The renal kallikrein-kinin system is thought to participate in blood pressure regulation and displays abnormalities in human hypertension, as well as in many animal models of hypertension. Urinary excretion and tissue levels of renal kallikrein were measured in streptozocin (STZ)-diabetic rats in relation to blood pressure, glycemia, and insulin treatment.
In study 1, STZ-diabetic rats with marked hyperglycemia showed reduced kallikrein-like esterase excretion, compared with control rats, when first measured after 7 days of diabetes (9.9 ± 2.5 versus 17.5 ± 2.4 EU/24 h, P < 0.05). This difference increased with time and, after 210 days, urinary esterase excretion in diabetic and control rats was 6.7 ± 2.1 and 39.0 ± 6.0 EU/24 h, respectively (P < 0.001). Urine kallikrein, measured by radioimmunoassay, was similarly reduced in diabetic rats (40.4 ± 8.0 versus 88.0 ± 6.5 μg/24 h, at 30 days, P < 0.001). At 120 days, systolic blood pressures were elevated in diabetic rats (P < 0.05), and at 180 days over 60% of the diabetic rats had pressures above the highest pressures of control rats.
In study 2, STZ-diabetic rats were treated with insulin for 2 wk (2 U NPH at 0800 h, or 2 U NPH at 0800 and 1600 h).
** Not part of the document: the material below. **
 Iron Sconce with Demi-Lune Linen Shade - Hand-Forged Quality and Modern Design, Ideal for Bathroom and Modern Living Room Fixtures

In the single-dose group, with hyperglycemia similar to that of diabetic rats in study 1, kallikrein excretion was reduced as early as day 2, compared with nondiabetic rats (56.0 ± 6.1 versus 109 ± 9.4 μg/24 h, respectively, P < 0.001). In the diabetic rats treated with twice-daily insulin, glycemia was reduced and daily urine glucose was not significantly different from that in controls. Kallikrein excretion was normal in these rats.
In study 3, we measured renal tissue kallikrein i untreated and insulin-treated (2.25 U PZI) STZdiabetic rats. After 2 wk, untreated diabetic rats had decreased renal kallikrein compared with nondiabetic rats (22.8 ± 1.6 versus 29.7 ± 1.4 ng/mg protein, P < 0.001). In the insulin-treated diabetic rats with near-normal plasma glucose levels, renal kallikrein (35.8 ± 2.1 ng/mg protein) was increased above that of untreated diabetic (P < 0.001) or nondiabetic rats (P < 0.05).
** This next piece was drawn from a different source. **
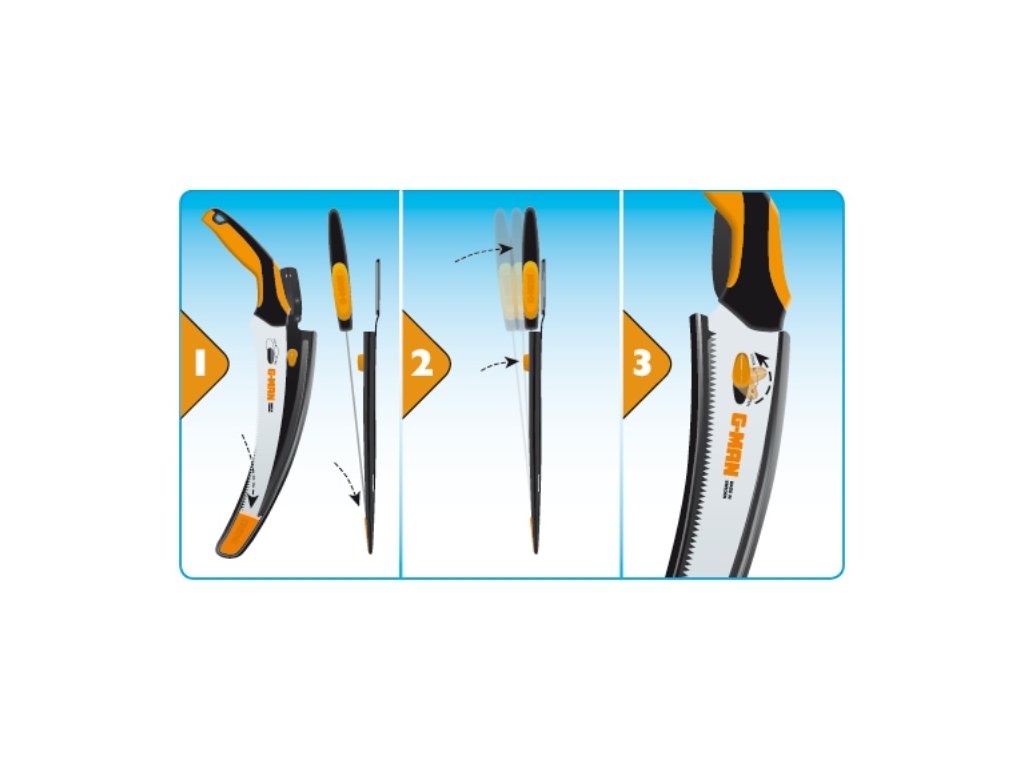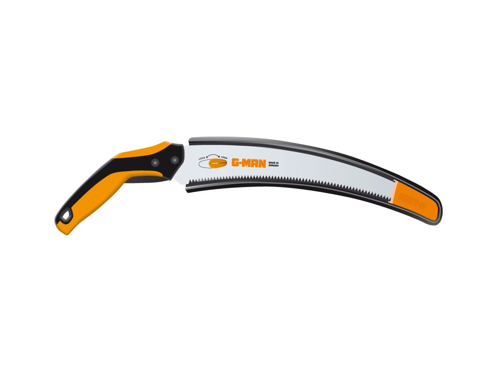 Píla na stromy s puzdrom, navyššej kvality od Švedskeho výrobcu G-man. Profesionálna zakrivená prerezávacia píla s mimoriadne ostrým 3-krát brúseným ozubením. Dodáva sa s 2-kompozitnou rukoväťou v kombinácii s jedinečným patentovaným puzdrom.

These studies confirm that STZ-diabetic rats develop systolic hypertension as assessed by tail cuff measurement. There is an early reduction in kallikrein excretion, which reflects reduced renal enzyme content. These abnormalities in kallikrein can be prevented by insulin treatment. Relationships of these changes in urinary and renal kallikrein to the function of the diabetic kidney and development of hypertension in this model can now be explored.